CellRanger in cluster mode with slurm template
1
1
Entering edit mode
4.8 years ago
sidwell ▴ 10

If someone has already manage to run cellRanger with Slurm, maybe you can help me :

Until now, I was running CellRanger on a cluster, on a single node of 512Go RAM.
For a dataset of 6,7k cells and 90k reads/cell, cellranger count function takes 7h30.
I can dispose of 5 nodes of 512Go RAM.

I tried the slurm template proposed by 10x (even if it's not officially support), jobs are submited by Martian

#!/usr/bin/env bash
#SBATCH -J __MRO_JOB_NAME__
#SBATCH -p big
#SBATCH --export=ALL
#SBATCH --nodes=1 --ntasks-per-node=__MRO_THREADS__
#SBATCH --signal=2
#SBATCH --no-requeue
### Alternatively: --ntasks=1 --cpus-per-task=__MRO_THREADS__
###   Consult with your cluster administrators to find the combination that
###   works best for single-node, multi-threaded applications on your system.
#SBATCH --mem=__MRO_MEM_GB__G
#SBATCH -o __MRO_STDOUT__
#SBATCH -e __MRO_STDERR__

__MRO_CMD__

When I run the same count function on the same dataset but with slurm template as following :

cellranger count --transcriptome=refdata-cellranger-mm10-3.0.0 --fastqs=./indepth_C07_MissingLibrary_1_HL5G3BBXX, ./indepth_C07_MissingLibrary_1_HNNWNBBXX --jobmode=./martian-cs/v3.2.3/jobmanagers/slurm.template`

I check the jobs submited : Martian submit 64 jobs by 64 jobs to the cluster (to slurm) and one job by node is running (this is how the cluster work, I can submit only one job by node because it uses all CPUs of the node = 16 CPUs). So instead of having 1 node busy, I parralelize on 5 nodes. BUT :
it takes 12h42 instead of 7h30.

I checked the processus running and number of CPUs used : When I use a single node, the 1st process called read_chunks use 1-4CPUs, the 2nd process python (don't know what it is doing ?) use 16CPUs so all CPUs.
With parallelization on 5 nodes : read_chunks takes 1-4CPUs and python ONLY ONE CPU on each node instead of 16 CPUs. I guess that's why it takes so long !!

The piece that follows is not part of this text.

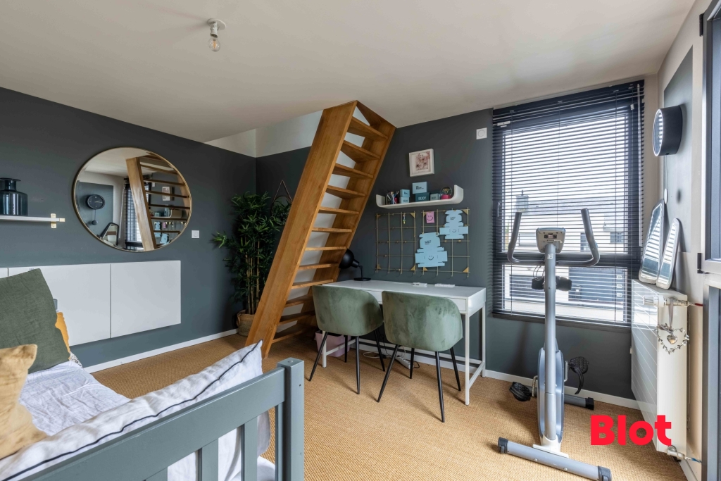 A l'étage : un dégagement, deux chambres avec le couchage possible en mezzanine, une salle d'eau, wc et lingerie. Pour les parents : une suite parentale avec salle de bains et dressing.

Is it because Slurm is not officially support ?
Do you think I can modify something in the template to change that ?

RNA-Seq • 5.6k views
ADD COMMENT
3
Entering edit mode
4.8 years ago
GenoMax 148k

cellranger on SLURM does not use all cores all the time. Your cluster does need to allow SLURM jobs to submit sub-jobs for this to work correctly. It sounds like you have the process working but it is taking longer?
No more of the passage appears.